The latest guidance from the Department for Business, Energy & Industrial Strategy (BEIS) says it “brings together employment status case law into one place for businesses and individuals to access. This will support workers by improving their understanding of what rights they are entitled to at work…..critically, the guidance also clarifies the rights that gig economy workers are entitled to - from the national minimum wage to paid leave - while offering them the same degree of flexibility to take on additional work to top up their income, if they choose.”
The guidance includes advice for micro businesses, start-ups and SMEs that have less capacity and legal expertise to understand the law.
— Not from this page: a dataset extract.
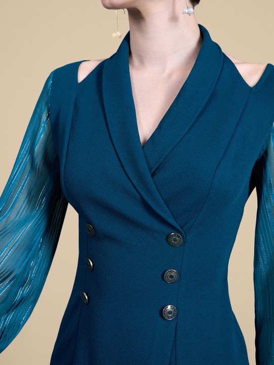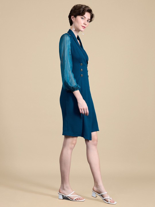 - Teal solid blazer dress dress

It is also intended “to help curb unscrupulous employers from attempting to exploit the system in order to save on employment costs.”
“Today we are tidying up the rules; helping workers understand their employment rights and find out if they are being fairly treated by their workplace” said Jane Hunt, Business Minister.
In very different ways, these initiatives from the FCA and BEIS are all about clarifying and resetting standards and rules of operation for businesses in the U.K.- but critically, also about changing existing culture and organisational behaviour.